Homenaje a Dos Leyendas (Spanish for "Homage to Two Legends") is the collective name of a series of annual lucha libre, or professional wrestling major show promoted by Mexican professional wrestling promotion Consejo Mundial de Lucha Libre (CMLL). The show started out as Homenaje a Salvador Lutteroth, honoring CMLL founder Salvador Lutteroth, it would later honor Lutteroth and El Santo until 2005 where the event would honor Lutteroth and a different retired or deceased luchador each year. CMLL has held a total of 23 Homenaje events, starting in 1996 and one each year since then. The shows are usually main evented by a Lucha de Apuestas or "Bet match" where competitors wager either their wrestling mask or hair on the outcome of the match.

Event history
CMLL has paid homage to its founder Salvador Lutteroth since Lutteroth's death in 1987 but it was not until 1995 that they held a specific event in his honor. On March 24, 1995, during their regular Friday night CMLL Super Viernes show they held a one night Trios tournament called the Salvador Lutteroth Trios Tournament. The following year CMLL decided to hold a special major event in March to commemorate Lutteroth, creating a show called Homenaje a Salvador Lutteroth ("Homage to Salvador Lutteroth"). in 1995, 1996 and 1999 the event hosted a one-night tournament in Lutteroth's name. The Lutteroth memorial tournament concept has not been used since then. In 1999 CMLL decided to also honor Mexico's most famous wrestler El Santo at the same event, changing the name of the event to Homenaje a Dos Leyendas: El Santo y Salvador Lutteroth ("Homage to Two Legends: El Santo and Salvador Lutteroth"). After a dispute with El Santo's son El Hijo del Santo in late 2004/early 2005 CMLL decided to change the show name to simply Homenaje a Dos Leyendas and honor Lutteroth and a different "lucha libre legend" each year. The 2005 event honored Perro Aguayo, who returned to the wrestling ring for one last match on that night, teaming up with his son Perro Aguayo Jr. CMLL has on occasion promoted the March event under a different name as well as the Homenaje name, in 2000 and in 2001 they also billed their March shows as Juicio Final ("Final Justice") and in 2002 it was also billed as Apocalipsis ("Apocalypse").
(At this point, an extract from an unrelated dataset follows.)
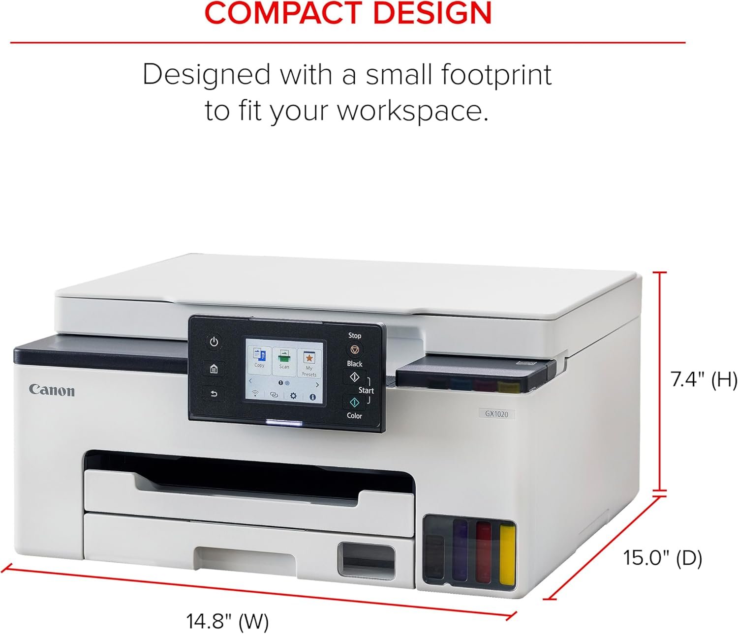 The Canon MAXIFY GX1020 is a high-efficiency all-in-one wireless MegaTank printer designed for home offices and small businesses. Featuring a refillable ink tank system, this printer offers exceptional cost savings and reduces the need for frequent cartridge replacements. It supports printing, copying, and scanning, delivering crisp text and vibrant color prints with ink designed for business-quality documents.

As of 2015 a total of 156 wrestlers had wrestled in a total of matches 120 matches over the 20 shows, 14 female wrestlers, 17 Mini-Estrellas and 148 male wrestlers from the regular division. Atlantis and Negro Casas are the wrestlers with the most Homenaje a Dos Leyendas matches, 15 each,
Marcela is the female wrestler with most matches, six, and Pierrothito is the most frequently featured Mini-Estrella with three matches in total. Several wrestlers has worked on different Dos Leyendas shows under different ring names; Ephesto / Safari, Metro / Diamante Azul, Místico / Astro Boy, Silver King / Black Tiger III, Ultramán Jr. / Starman, Tarzan Boy / Toscano and Villano V / Ray Mendoza Jr. All of the twenty shows have featured a Lucha de Apuestas, or bet match as the main event. The match type is the most prestigious match form in lucha libre as illustrated by its main event status. In total seven wrestlers have lost their masks as a result of a Luchas de Apuesta loss; Scorpio Jr., Villano III, Villano V, Veneno, El Felino, Namajague and Kamaitachi. Twenty one times a wrestler has had their hair shaved off as a result of their Dos Leyendas matches; El Brazo, La Fiera, Bestia Salvaje, El Satánico, Perro Aguayo, Gran Markus Jr., Máscara Año 2000 (twice), Cien Caras (twice), Universo 2000 (twice), Héctor Garza, Brazo de Plata, Máximo, Negro Casas, Blue Panther, La Amapola, Shigeo Okumura, Dalys la Caribeña, Shocker, El Terrible and Rey Bucanero The Dos Leyendas show series has hosted seven championship matches, with five championship changes and two successful defenses. There have been a total of five tournament finals held at a Dos Leyendas show, including a tournament for the vacant CMLL World Trios Championship, the Lutteroth singles and Trios tournament and the finals of the 2012 Torneo Nacional de Parejas Increibles 2014 Torneo Nacional de Parejas Increibles tournaments.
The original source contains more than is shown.